* [DATA]:
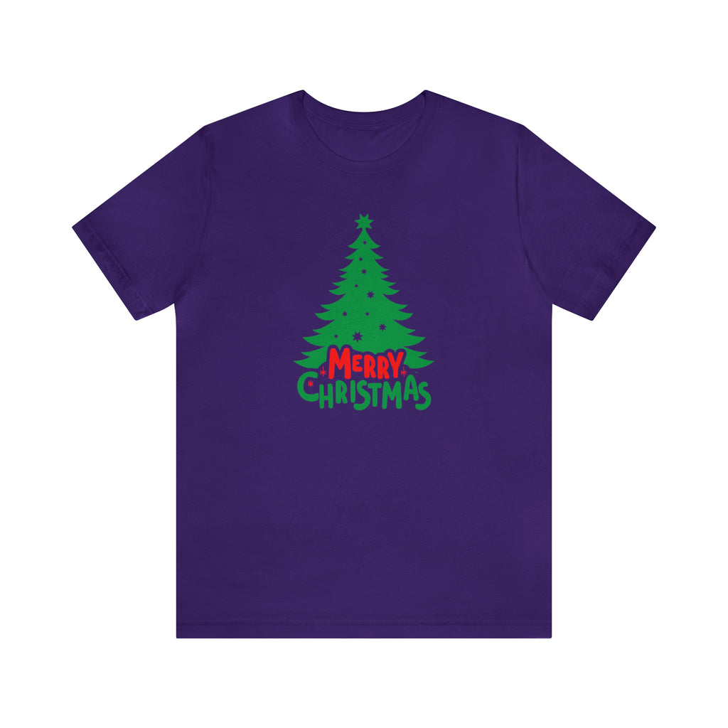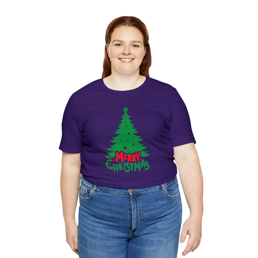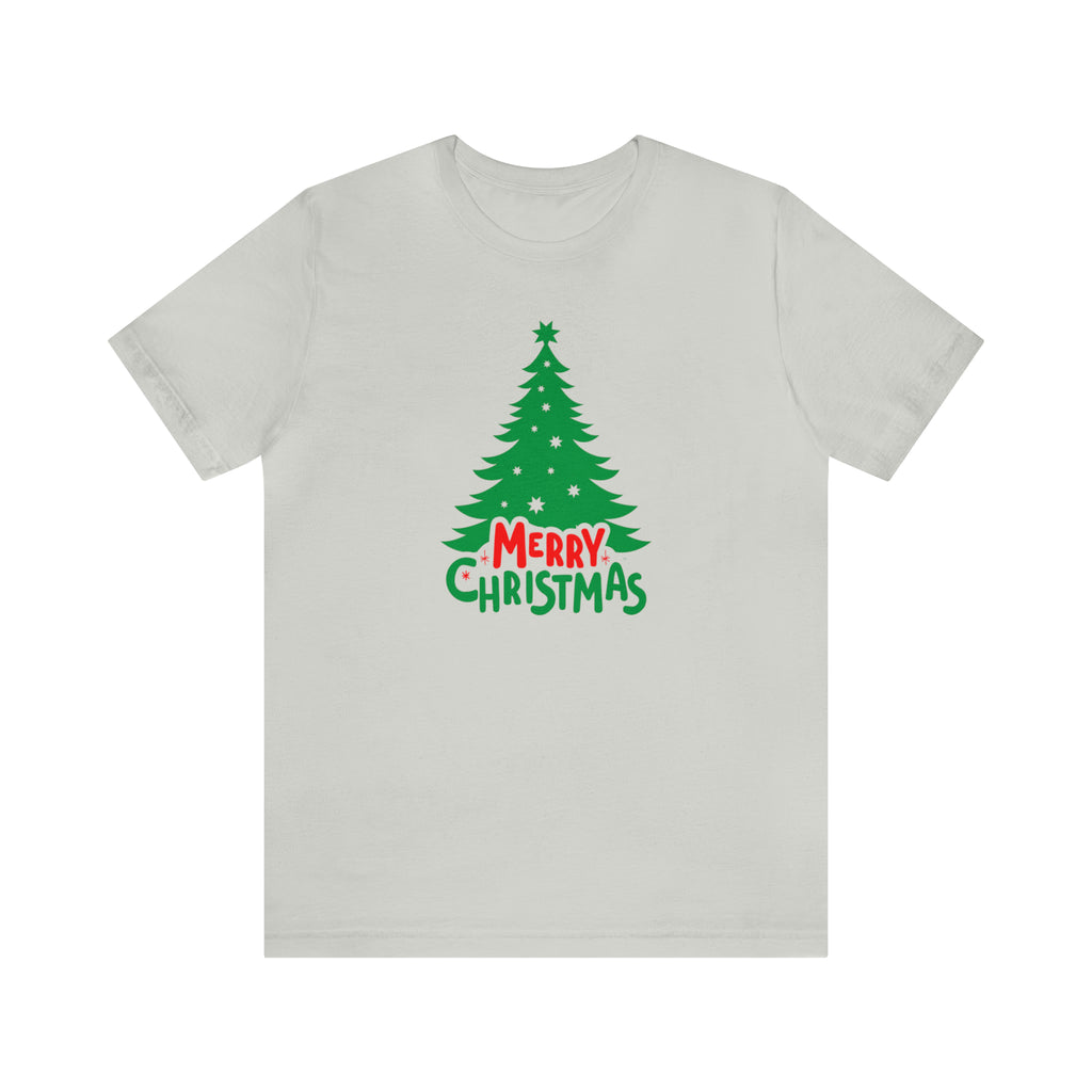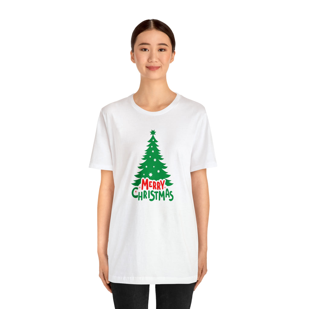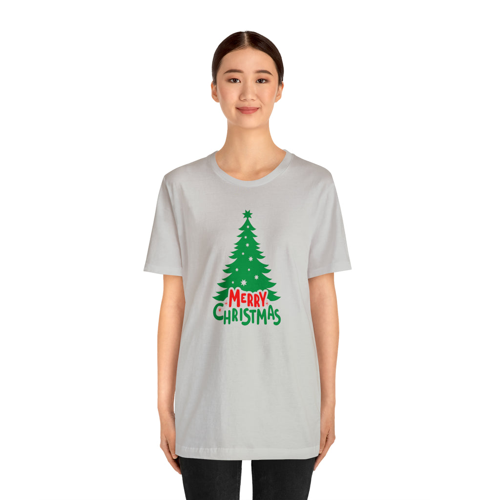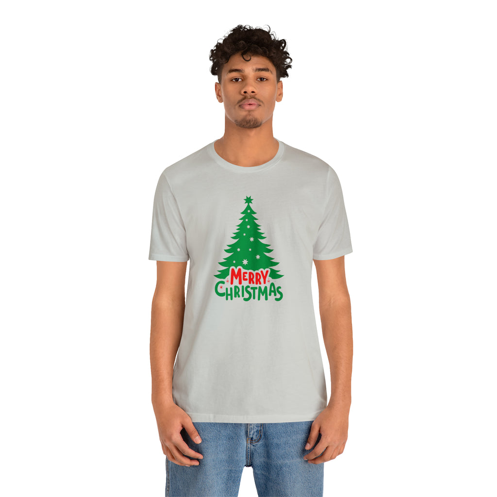 Merry Christmas Green Tree T-Shirt | Festive XMas Tee | Bella Canvas 3001 Unisex | Happy Holidays Short Sleeve T-shirt
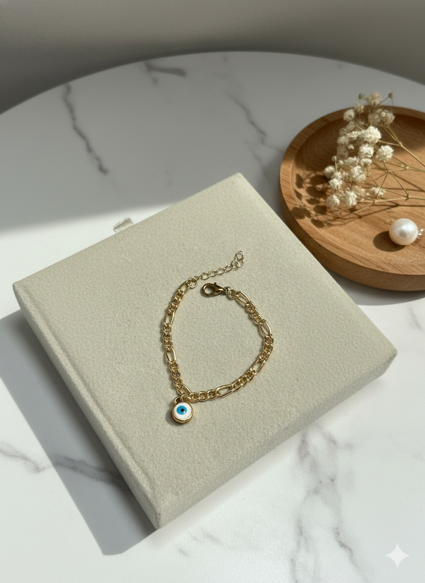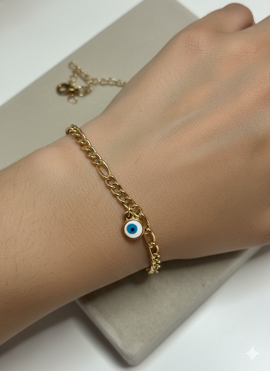 Gold Chain Evil Eye Bracelet – Waterproof Stainless Steel, Non-Tarnish Blue Eye Charm Bracelet for Everyday Protection
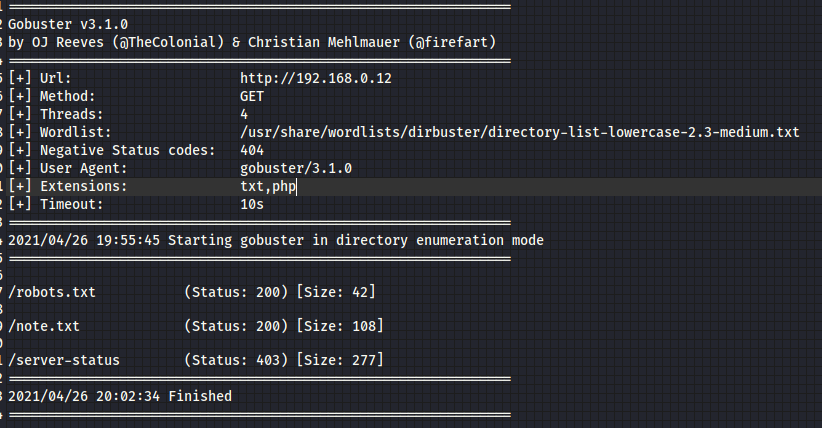En gobuster encontramos 2 links, uno de robots.txt y otro de note.txt.
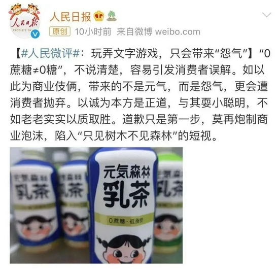 元气森林致歉称,在乳茶产品的宣传中,没有说明“0蔗糖”与“0糖”的区别,容易引发误解,将进行修正升级。随后新华社、人民日报相继评论:元气森林玩弄文字游戏,只会带来“怨气”。

* [REQUIRED ACTION]: Drop the pictures, then repeat the material word for word.

* [RESPONSE FOR THIS EXERCISE]:
 Merry Christmas Green Tree T-Shirt | Festive XMas Tee | Bella Canvas 3001 Unisex | Happy Holidays Short Sleeve T-shirt
 Gold Chain Evil Eye Bracelet – Waterproof Stainless Steel, Non-Tarnish Blue Eye Charm Bracelet for Everyday Protection
En gobuster encontramos 2 links, uno de robots.txt y otro de note.txt.
 元气森林致歉称,在乳茶产品的宣传中,没有说明“0蔗糖”与“0糖”的区别,容易引发误解,将进行修正升级。随后新华社、人民日报相继评论:元气森林玩弄文字游戏,只会带来“怨气”。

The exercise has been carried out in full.